Bayi yang lahir melebihi 2 minggu dari HPL cenderung memiliki kulit merah, lebih kering dan mengelupas. Ini diakibatkan mereka kehilangan vernix, yaitu lapisan berminyak yang berfungsi untuk menghentikan kulit bayi mengering dalam cairan air ketuban.

Pasca bayi lahir, Mom tidak disarankan untuk memakaikan sesuatu yang bertujuan untuk melembabkan kulit bayi yang kasar ini. Sebab lapisan merah di kulit bayi akan terkelupas dengan sendirinya.

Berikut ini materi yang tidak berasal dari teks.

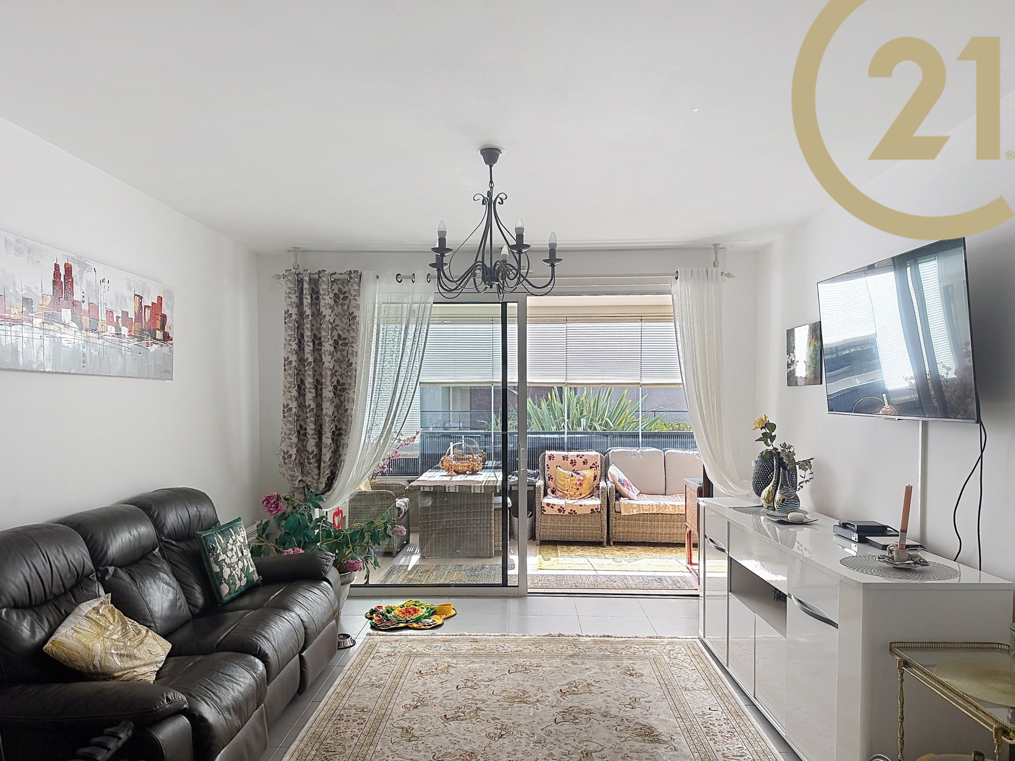 La pièce de vie, conviviale et bien agencée, s’articule autour d’un séjour avec cuisine ouverte, aménagée et équipée. Elle s’ouvre directement sur une belle terrasse véranda, véritable prolongement de l’espace de vie, idéale pour profiter d’un espace supplémentaire en toute saison.

Keluhan ibu hamil di usia kehamilan 41 minggu

Barangkali Mom merasa frustrasi, cemas dan stres karena si bayi tak kunjung menunjukkan tanda-tanda mau lahir. Tapi tenang, Mom. Ini adalah kondisi yang normal, kok. Keluhan ibu hamil di trimester 3 akhir ini bisa meliputi:

  • Kontraksi tanpa rasa sakit/kontraksi palsu
  • Lebih mudah lelah
  • Susah tidur
  • Nyeri di area perut karena rahim semakin membesar
  • Sakit punggung
  • Sakit kepala
  • Kram di kaki
  • Sembelit
  • Tubuh mudah terasa panas
  • Kulit menjadi lebih berminyak dan mudah muncul jerawat

Selain itu, di usia kehamilan 41 minggu Mom bisa jadi masih merasakan gejala kehamilan yang sudah dirasakan di kehamilan trimester 1 dan 2 silam. Keluhan-keluhan ini memang disebabkan oleh hormon kehamilan, seperti:

  • Mual di pagi hari (morning sickness)
  • Ngidam sesuatu yang aneh
  • Indra penciuman menjadi lebih tajam

Meski bayi mungkin lahir terlambat, Mom tetap harus menjaga kesehatan serta mulai mempersiapkan peralatan bayi baru lahir sambil menunggu tibanya waktu persalinan. Perlengkapan bayi baru lahir itu lumayan kompleks, lho Mom. Jadi, persiapkan kebutuhan si kecil lebih awal, ya! Semoga lancar persalinannya!